In alternative embodiments, different meQTL datasets, whether publicly available or proprietary, may be employed as exposures in EWMR. An illustration of this is the GoDMC meQTL dataset, which encompasses SNP-CpG associations for 420,509 CpG sites identified in whole blood samples from 27,750 subjects. In other embodiments, pregnancy complications such as gestational hypertension, preeclampsia, adverse cardiac events, and pregnancy-related phenotypes such as morning sickness, nausea, weight gain during pregnancy or weight loss postpartum, baby gestational age, baby weight, and lactation issues can be used as outcomes in the EWMR analyses to infer methylation markers causal to these pregnancy complications.

In certain embodiments, Mendelian Randomization takes the form of a two-sample Mendelian Randomization utilizing linear regression. Alternatively, in specific instances, it adopts a three-sample Mendelian Randomization approach. Furthermore, in other embodiments, Mendelian Randomization employs non-linear models to depict the relationship between exposure and outcome. Those skilled in the art understand that various models, both linear and nonlinear, can be constructed between exposures and outcomes to deduce causal methylation markers.

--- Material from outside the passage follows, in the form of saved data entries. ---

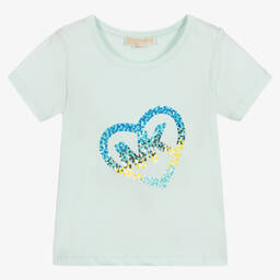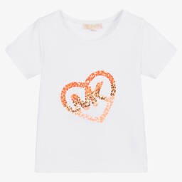 Girls pink T-shirt from American brand Michael Kors, made in soft cotton jersey. Timelessly stylish with short sleeves and a crew neck, it has a heart logo on the front made from pink and silver sequins for a touch of sparkle.
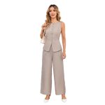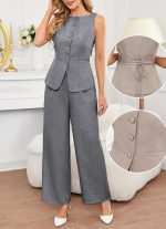 Sleeveless Top And Tie-waist Wide-leg Pants Set In French Style
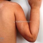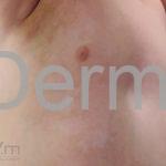 Histopatológico: quantidade reduzida de melanócitos e melanina na camada basal.
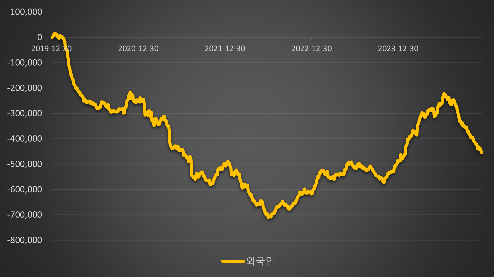 ■ 외국인의 2년간 순매수하였던 방향이 완전히 돌려져 있는 현재 상황
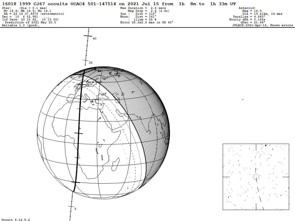 210715 : (16018) 1999 CJ67 occults UCAC4 501-147514
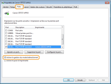 Dans l'onglet [Ports], assurez-vous que la case [Activer la gestion du mode bidirectionnel] est cochée.
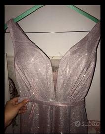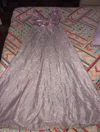 abito da cerimonia lungo viola/lilla con brillantini. usato una volta, lavato e disinfettato. Busto 90 cm vita 80 cm Fianchi 100 cm Lunghezza 165 cm
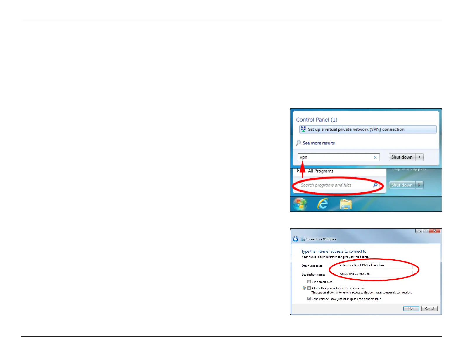 This section provides Quick VPN setup instructions for Windows 7. Refer to Quick VPN on page 87 for your router setup

The risk prediction model builder 116 develops, employing a supervised machine learning methodology, a predictive model for assessing the risk of GDM by leveraging data from the reference population storage 108. In the preferred embodiment, CpGs causally linked to GDM are utilized as input features. The risk prediction model builder 216 may conduct computations for predictive risk models using at least one algorithm, which could be proprietary and/or developed by a third-party source while adhering to the best practices of machine learning.

The risk predictor model builder 216 develops a methylation risk score (MRS) predicting the present risk of GDM. The MRS model is constructed using a machine learning methodology, utilizing a training dataset comprising biological samples of cases (women with GDM) and controls (women who did not have GDM). Each biological sample includes methylation markers measured through external genotyping or sequencing services. In preferred embodiments, biological samples are whole blood samples or blood plasma samples. In other embodiments, biological samples are saliva. In a preferred embodiment, MRS is a risk-weighted linear sum of methylation levels at multiple CpG sites (Ref. 10).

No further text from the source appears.